### What to produce
When you reach the line below that has "خانه تجسمی حوزه", start returning lines exactly, and stop after the line that has "vibrant, living space."; skip the pictures.

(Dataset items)
==========

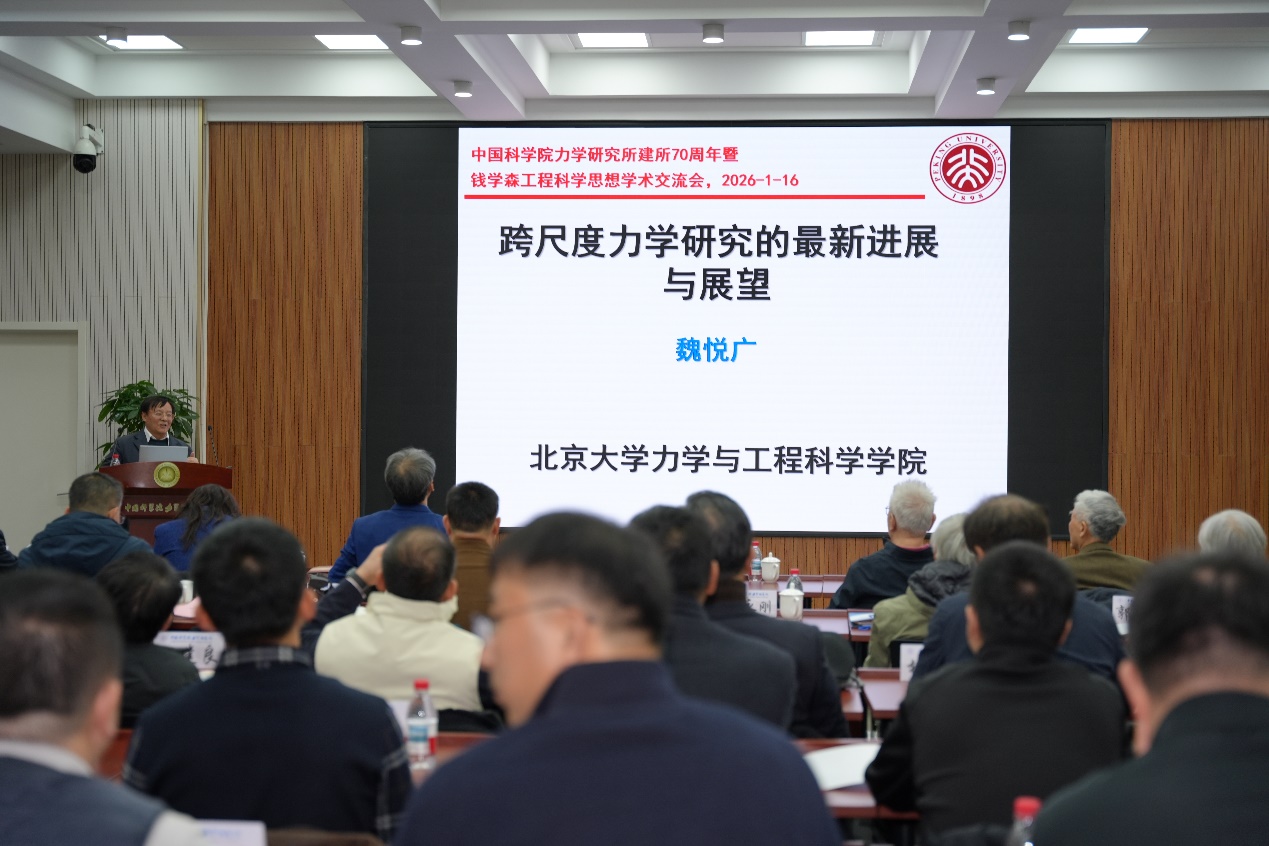 2026年1月16日,钱学森工程与技术科学思想学术交流会暨《迈向新高度》新书发布会在力学所举办。会议旨在回顾力学所七十载奋斗历程,探讨钱学森工程与技术科学思想的时代价值,展望力学学科未来发展前景。力学所胡文瑞院士、李家春院士,北京大学魏悦广院士,力学所学术所长、中国力学学会理事长何国威院士,浙江大学吴汉明院士,大连理工大学郭旭院士,北京航空航天大学王晋军院士,北京理工大学姚裕贵院士,上海交通大学钱学森图书馆馆长、钱学森先生之子钱永刚教授,北京照相机总厂研究所原所长、钱伟长先生之子钱元凯教授,北京大学教授、朱兆祥先生之子朱星教授,国防科技大学易仕和教授,中国工程物理研究院副院长赵剑衡研究员,中国科学院工程热物理研究所所长陈海生研究员、空间应用工程与技术中心党委书记黄晨光研究员,世界知识出版社总编辑汪琴等出席会议。来自各高校、行业部门、兄弟院所专家学者,力学所所友、科研人员、离退休老同志、研究生等代表230余人参加会议。大会开幕式由力学所所长黄河激主持。
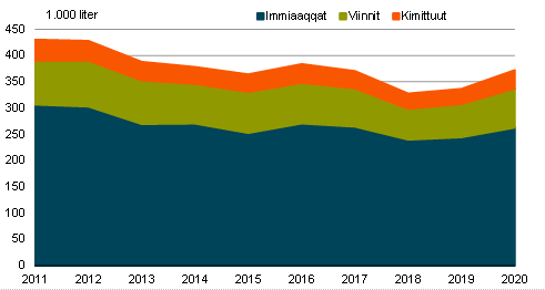 2020-mi imigassamik aalakoornartutalimmik 372 tusind literinik eqqussisoqarpoq tunisassiortoqarlunilu, titartagaq 1 takuuk. Ukiup siulianut sanilliullugu 36 tusind literinik imaluunniit 10,6 pct.-inik imigassamik aalakoornartutalimmik pilersuineq annertuseriarsimavoq. Imigassamik aalakoornartutalimmik pilersuineq 1991-imut sanilliutissagaanni 241 tusind literinik appariaateqarpoq. Ukiut 30-t ingerlaneranni imigassamik eqqussineq tunisassiornerlu taamaalilluni 39,3 pct.-inik appariarsimavoq.
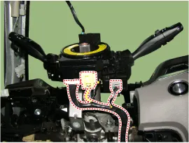 Connect the clock spring harness connector and horn harness connector to the clock spring. |
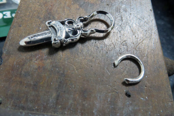 クロムハーツ アリゲーター ウェーブウォレットのファスナーからダガーのパーツが外れたので修理しました。 ダガーの引き手の環が摩耗して薄くなり、スライダーも少し変形しています。 スライダーは耐久性の高いステンレス製のパーツ … 続きを読む クロムハーツ アリゲーター ウェーブウォレット ファスナー引き手のダガー修理
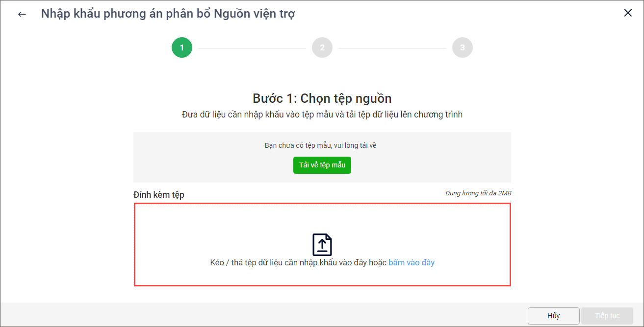- Kéo thả hoặc tải tệp từ máy tính vào phần mềm. Nếu chưa có sẵn tệp thì anh/chị tải tệp mẫu về để nhập dữ liệu.
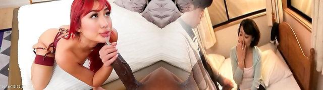 Redhead Japanese slut Mina doesn't need more than his black dick
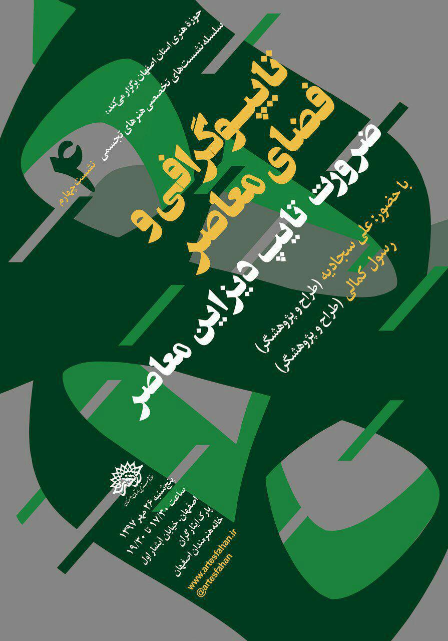 خانه تجسمی حوزه هنری استان اصفهان با دعوت از اساتید گرافیک نشست تخصصی هنرهای تجسمی این ماه خود را به موضوع تایپوگرافی اختصاص داده است.
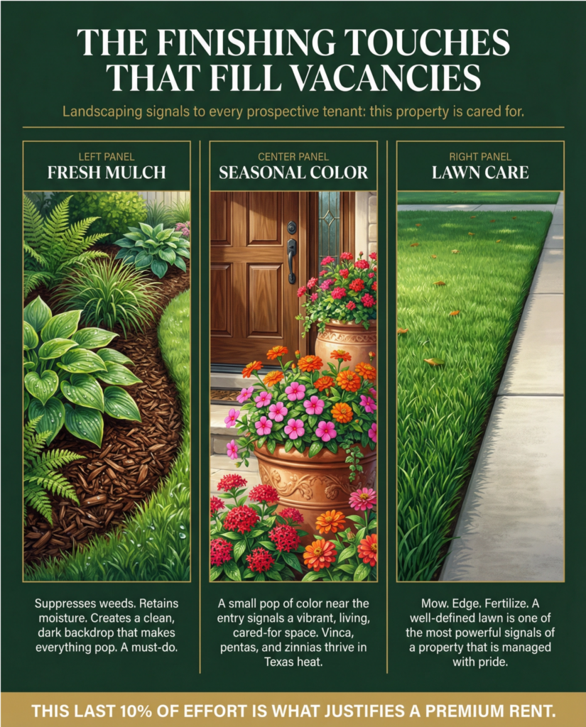 •Seasonal Color: Plant a few flats of heat-tolerant annuals (like vinca, pentas, or zinnias in Texas) near the entryway or in pots on the porch. A small pop of color signals a vibrant, living space.
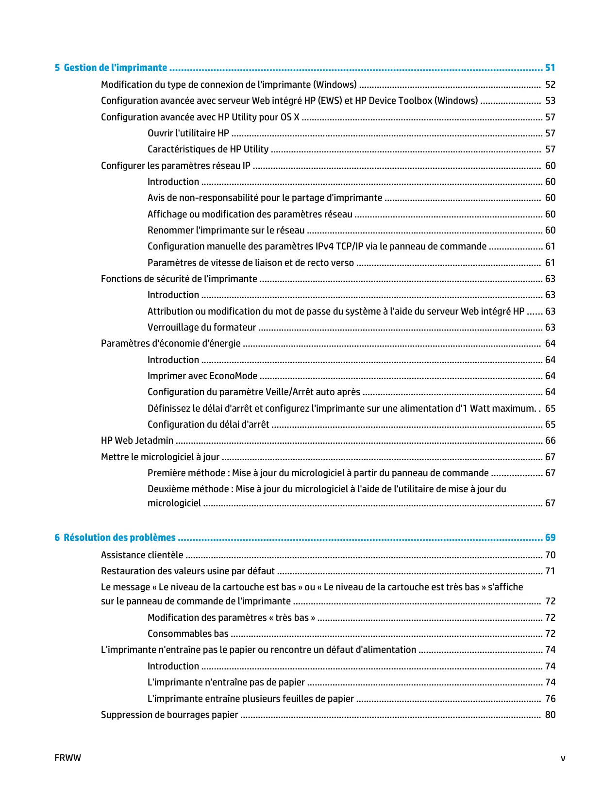 5 Gestion de l'imprimante 51 Modification du type de connexion de l'imprimante (Windows) 52 Configuration avancée avec serveur Web intégré HP (EWS) et HP Device Toolbox (Windows) 53 Configuration avancée avec HP Utility pour OS X 57 Ouvrir l'utilitaire HP 57 Caractéristiques de HP Utility 57 Configurer les paramètres réseau IP 60 Introduction 60 Avis de non-responsabilité pour le partage d'imprimante 60 Affichage ou modification des paramètres réseau 60 Renommer l'imprimante sur le réseau 60 Configuration manuelle des paramètres IPv4 TCP/IP via le panneau de commande 61 Paramètres de vitesse de liaison et de recto verso 61 Fonctions de sécurité de l'imprimante 63 Introduction 63 Attribution ou modification du mot de passe du système à l'aide du serveur Web intégré HP 63 Verrouillage du formateur 63 Paramètres d'économie d'énergie 64 Introduction 64 Imprimer avec EconoMode 64 Configuration du paramètre Veille/Arrêt auto après 64 Définissez le délai d'arrêt et configurez l'imprimante sur une alimentation d'1 Watt maximum. . 65 Configuration du délai d'arrêt 65 HP Web Jetadmin 66 Mettre le micrologiciel à jour 67 Première méthode : Mise à jour du micrologiciel à partir du panneau de commande 67 Deuxième méthode : Mise à jour du micrologiciel à l'aide de l'utilitaire de mise à jour du micrologiciel 67 6 Résolution des problèmes 69 Assistance clientèle 70 Restauration des valeurs usine par défaut 71 Le message « Le niveau de la cartouche est bas » ou « Le niveau de la cartouche est très bas » s'affiche sur le panneau de commande de l'imprimante 72 Modification des paramètres « très bas » 72 Consommables bas 72 L'imprimante n'entraîne pas le papier ou rencontre un défaut d'alimentation 74 Introduction 74 L'imprimante n'entraîne pas de papier 74 L'imprimante entraîne plusieurs feuilles de papier 76 Suppression de bourrages papier 80
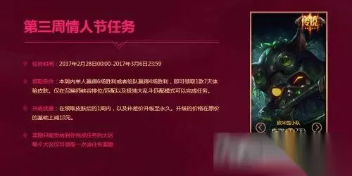 任务时间:2017年2月28日00:00-2017年3月6日23:59 领取条件:本周内单人赢得6场胜利或者组队赢得4场胜利,即可领取1款7天体验皮肤。仅在召唤师峡谷排位/匹配以及极地大乱斗匹配模式可以完成任务。
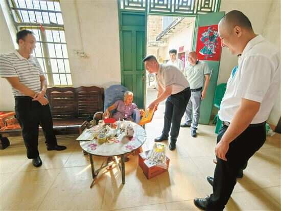 新快报讯 记者朱清海报道 近日,由省消防救援总队牵头,携手中交广州航道局有限公司组成的驻湛江市遂溪县界炮镇帮镇扶村工作队(下称“工作队”),联合界炮镇党委、政府对全镇39位100岁及以上老人开展上门慰问尊老敬老关爱活动。
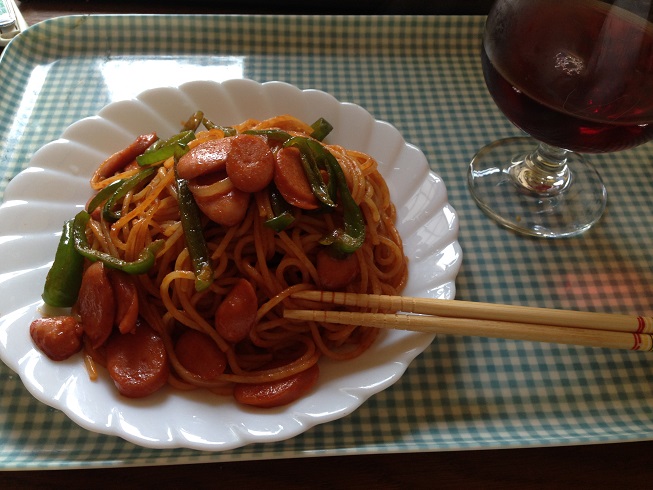 ナポリタンで赤ワインでもw(´ー`)
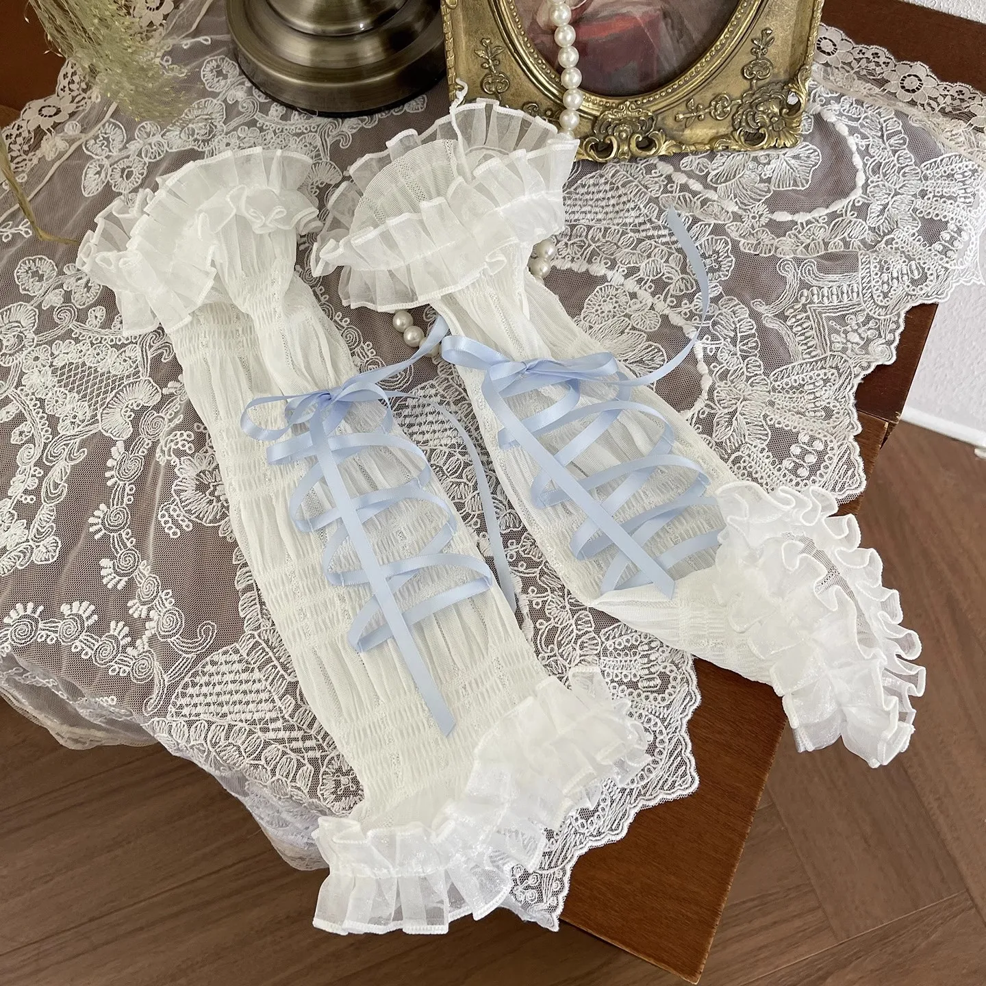 Japanese Y2K Harajuku Ballet Bow Tie Gloves Subculture Mesh Pleated Lace Sleeves Lolita Sweet JK Maid Long Cuff Gloves
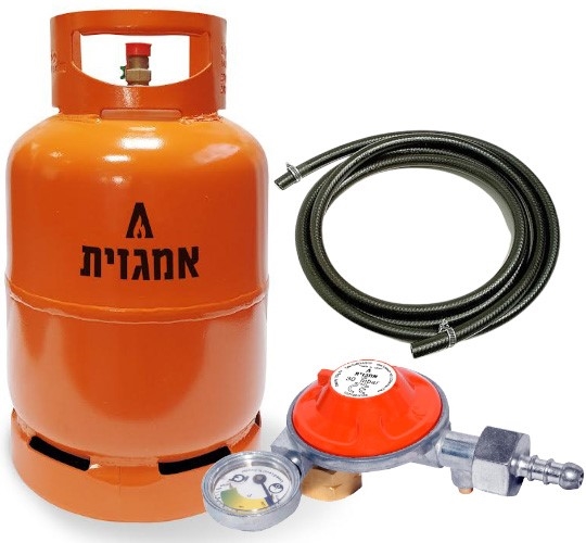 מיכל גז 5 ק"ג אמגזית מלא + ווסת בטיחותי וכולל שעון מד גז בחיבור M בהספק Mbar 30

==========

### Reply to the task
 خانه تجسمی حوزه هنری استان اصفهان با دعوت از اساتید گرافیک نشست تخصصی هنرهای تجسمی این ماه خود را به موضوع تایپوگرافی اختصاص داده است.
 •Seasonal Color: Plant a few flats of heat-tolerant annuals (like vinca, pentas, or zinnias in Texas) near the entryway or in pots on the porch. A small pop of color signals a vibrant, living space.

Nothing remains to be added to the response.